Stored data ▸
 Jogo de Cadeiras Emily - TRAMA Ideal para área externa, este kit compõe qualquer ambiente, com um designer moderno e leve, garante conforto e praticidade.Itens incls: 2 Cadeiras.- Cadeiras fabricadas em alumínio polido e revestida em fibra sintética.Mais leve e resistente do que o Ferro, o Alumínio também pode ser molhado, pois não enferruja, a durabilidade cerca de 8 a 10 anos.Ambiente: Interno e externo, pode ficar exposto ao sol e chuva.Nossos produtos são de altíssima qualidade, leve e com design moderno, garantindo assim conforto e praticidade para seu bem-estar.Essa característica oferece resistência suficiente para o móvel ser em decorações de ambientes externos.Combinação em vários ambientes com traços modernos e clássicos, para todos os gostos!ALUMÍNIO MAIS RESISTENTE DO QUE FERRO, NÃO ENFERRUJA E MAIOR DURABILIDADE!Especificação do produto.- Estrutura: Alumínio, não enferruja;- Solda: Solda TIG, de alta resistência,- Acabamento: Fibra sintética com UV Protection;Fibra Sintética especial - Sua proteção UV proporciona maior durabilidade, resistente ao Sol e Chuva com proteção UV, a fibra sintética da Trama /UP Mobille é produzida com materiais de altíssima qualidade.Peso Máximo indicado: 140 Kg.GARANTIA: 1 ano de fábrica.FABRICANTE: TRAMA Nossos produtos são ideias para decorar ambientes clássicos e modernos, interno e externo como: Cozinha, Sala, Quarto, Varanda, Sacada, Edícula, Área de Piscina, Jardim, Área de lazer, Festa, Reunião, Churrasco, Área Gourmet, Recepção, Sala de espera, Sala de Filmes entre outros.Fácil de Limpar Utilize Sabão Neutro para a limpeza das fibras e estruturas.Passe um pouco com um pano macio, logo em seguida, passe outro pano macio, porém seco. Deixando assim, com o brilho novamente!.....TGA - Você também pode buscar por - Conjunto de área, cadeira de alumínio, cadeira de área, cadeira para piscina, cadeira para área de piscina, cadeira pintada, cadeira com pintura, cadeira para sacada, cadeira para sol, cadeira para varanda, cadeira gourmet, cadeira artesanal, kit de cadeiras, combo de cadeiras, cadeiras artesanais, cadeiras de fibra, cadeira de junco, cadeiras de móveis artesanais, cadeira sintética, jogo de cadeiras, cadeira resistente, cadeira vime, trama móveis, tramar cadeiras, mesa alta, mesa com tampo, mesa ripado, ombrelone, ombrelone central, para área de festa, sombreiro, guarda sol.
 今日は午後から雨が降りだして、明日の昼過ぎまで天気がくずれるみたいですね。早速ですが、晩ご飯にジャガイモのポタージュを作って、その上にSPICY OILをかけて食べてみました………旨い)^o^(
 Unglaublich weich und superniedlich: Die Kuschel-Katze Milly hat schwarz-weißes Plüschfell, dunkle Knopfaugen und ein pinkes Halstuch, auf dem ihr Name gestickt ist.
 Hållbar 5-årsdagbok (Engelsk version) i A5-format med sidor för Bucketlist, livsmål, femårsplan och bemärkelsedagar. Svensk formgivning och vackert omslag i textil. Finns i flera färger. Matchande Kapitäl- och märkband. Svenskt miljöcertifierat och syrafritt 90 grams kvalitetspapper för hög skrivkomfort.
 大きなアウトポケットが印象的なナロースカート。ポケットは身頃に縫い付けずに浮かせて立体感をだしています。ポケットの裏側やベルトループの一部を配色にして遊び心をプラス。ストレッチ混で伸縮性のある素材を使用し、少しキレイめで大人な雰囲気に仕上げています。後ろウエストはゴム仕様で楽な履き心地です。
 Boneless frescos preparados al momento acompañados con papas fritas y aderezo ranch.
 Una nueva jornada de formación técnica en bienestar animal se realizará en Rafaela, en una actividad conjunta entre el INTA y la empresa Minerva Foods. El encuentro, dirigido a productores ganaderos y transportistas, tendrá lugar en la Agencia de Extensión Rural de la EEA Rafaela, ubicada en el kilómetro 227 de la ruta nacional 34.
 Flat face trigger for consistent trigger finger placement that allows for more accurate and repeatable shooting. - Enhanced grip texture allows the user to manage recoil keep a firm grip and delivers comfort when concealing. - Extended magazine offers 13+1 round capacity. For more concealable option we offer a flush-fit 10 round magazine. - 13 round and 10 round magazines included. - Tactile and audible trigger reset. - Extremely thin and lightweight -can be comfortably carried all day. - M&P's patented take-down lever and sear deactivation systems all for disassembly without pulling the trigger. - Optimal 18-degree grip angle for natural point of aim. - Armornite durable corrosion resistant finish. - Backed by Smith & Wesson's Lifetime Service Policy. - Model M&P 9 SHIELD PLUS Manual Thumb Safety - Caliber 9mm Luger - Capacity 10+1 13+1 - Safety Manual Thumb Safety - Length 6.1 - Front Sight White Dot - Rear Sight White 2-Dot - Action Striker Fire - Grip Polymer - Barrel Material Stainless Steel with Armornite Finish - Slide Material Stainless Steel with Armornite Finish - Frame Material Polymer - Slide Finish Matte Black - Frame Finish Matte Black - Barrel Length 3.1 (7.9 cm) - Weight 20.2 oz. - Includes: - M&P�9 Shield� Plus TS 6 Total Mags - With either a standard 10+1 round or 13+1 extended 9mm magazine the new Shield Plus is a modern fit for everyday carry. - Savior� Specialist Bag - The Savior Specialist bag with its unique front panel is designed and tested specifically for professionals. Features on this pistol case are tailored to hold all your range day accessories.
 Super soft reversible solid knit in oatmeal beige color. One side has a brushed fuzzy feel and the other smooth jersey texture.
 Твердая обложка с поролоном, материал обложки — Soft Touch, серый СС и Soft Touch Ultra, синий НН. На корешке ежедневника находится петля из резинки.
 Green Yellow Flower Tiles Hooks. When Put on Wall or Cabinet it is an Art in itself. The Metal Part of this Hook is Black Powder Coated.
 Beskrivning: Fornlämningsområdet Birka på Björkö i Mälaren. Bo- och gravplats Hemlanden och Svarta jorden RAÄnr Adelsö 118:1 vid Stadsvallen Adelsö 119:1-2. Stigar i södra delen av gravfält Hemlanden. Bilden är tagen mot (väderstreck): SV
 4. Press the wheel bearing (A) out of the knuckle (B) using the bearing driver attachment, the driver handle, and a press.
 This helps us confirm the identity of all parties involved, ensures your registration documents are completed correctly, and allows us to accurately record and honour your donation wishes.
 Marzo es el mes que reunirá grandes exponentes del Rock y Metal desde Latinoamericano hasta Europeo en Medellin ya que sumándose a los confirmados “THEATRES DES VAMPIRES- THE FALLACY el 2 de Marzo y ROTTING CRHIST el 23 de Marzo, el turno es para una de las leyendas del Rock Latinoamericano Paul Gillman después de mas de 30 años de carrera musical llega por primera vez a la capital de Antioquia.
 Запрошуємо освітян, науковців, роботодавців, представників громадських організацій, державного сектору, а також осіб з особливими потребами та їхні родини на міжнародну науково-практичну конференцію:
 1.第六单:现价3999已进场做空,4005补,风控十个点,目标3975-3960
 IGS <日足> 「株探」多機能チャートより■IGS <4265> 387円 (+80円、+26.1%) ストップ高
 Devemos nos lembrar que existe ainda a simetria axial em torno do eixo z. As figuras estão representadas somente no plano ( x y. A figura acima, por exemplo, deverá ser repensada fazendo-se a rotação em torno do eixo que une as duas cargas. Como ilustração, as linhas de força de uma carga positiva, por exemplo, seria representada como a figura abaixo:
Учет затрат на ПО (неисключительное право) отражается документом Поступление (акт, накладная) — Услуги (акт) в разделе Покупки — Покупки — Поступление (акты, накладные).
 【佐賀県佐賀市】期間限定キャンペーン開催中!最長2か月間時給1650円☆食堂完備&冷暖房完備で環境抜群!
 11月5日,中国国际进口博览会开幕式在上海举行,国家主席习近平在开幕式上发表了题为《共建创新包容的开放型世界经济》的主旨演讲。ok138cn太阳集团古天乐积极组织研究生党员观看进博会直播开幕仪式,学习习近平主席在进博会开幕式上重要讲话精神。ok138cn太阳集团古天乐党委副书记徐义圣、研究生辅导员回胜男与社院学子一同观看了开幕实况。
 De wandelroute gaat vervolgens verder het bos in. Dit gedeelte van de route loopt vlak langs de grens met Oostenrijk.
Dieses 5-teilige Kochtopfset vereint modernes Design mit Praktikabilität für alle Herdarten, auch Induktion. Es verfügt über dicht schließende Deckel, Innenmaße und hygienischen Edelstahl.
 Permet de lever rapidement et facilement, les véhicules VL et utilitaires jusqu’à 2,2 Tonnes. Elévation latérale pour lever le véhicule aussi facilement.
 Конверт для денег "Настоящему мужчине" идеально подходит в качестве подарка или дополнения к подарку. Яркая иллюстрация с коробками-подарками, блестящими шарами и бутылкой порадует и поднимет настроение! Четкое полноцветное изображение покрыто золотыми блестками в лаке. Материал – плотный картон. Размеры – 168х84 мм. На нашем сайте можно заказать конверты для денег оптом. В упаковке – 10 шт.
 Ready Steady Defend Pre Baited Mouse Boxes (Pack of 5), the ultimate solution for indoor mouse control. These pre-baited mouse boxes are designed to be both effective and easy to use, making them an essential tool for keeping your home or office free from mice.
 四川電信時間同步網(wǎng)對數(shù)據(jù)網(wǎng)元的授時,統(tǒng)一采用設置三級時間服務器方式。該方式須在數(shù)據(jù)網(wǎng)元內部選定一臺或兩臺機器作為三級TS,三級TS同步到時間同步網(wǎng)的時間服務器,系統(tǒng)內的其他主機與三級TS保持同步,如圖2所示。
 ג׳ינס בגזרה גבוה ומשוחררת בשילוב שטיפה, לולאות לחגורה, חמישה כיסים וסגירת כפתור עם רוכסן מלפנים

Activity ▸
Lines above with the string "Metal" need to be found and copied.

Solution ▸
 Green Yellow Flower Tiles Hooks. When Put on Wall or Cabinet it is an Art in itself. The Metal Part of this Hook is Black Powder Coated.
 Marzo es el mes que reunirá grandes exponentes del Rock y Metal desde Latinoamericano hasta Europeo en Medellin ya que sumándose a los confirmados “THEATRES DES VAMPIRES- THE FALLACY el 2 de Marzo y ROTTING CRHIST el 23 de Marzo, el turno es para una de las leyendas del Rock Latinoamericano Paul Gillman después de mas de 30 años de carrera musical llega por primera vez a la capital de Antioquia.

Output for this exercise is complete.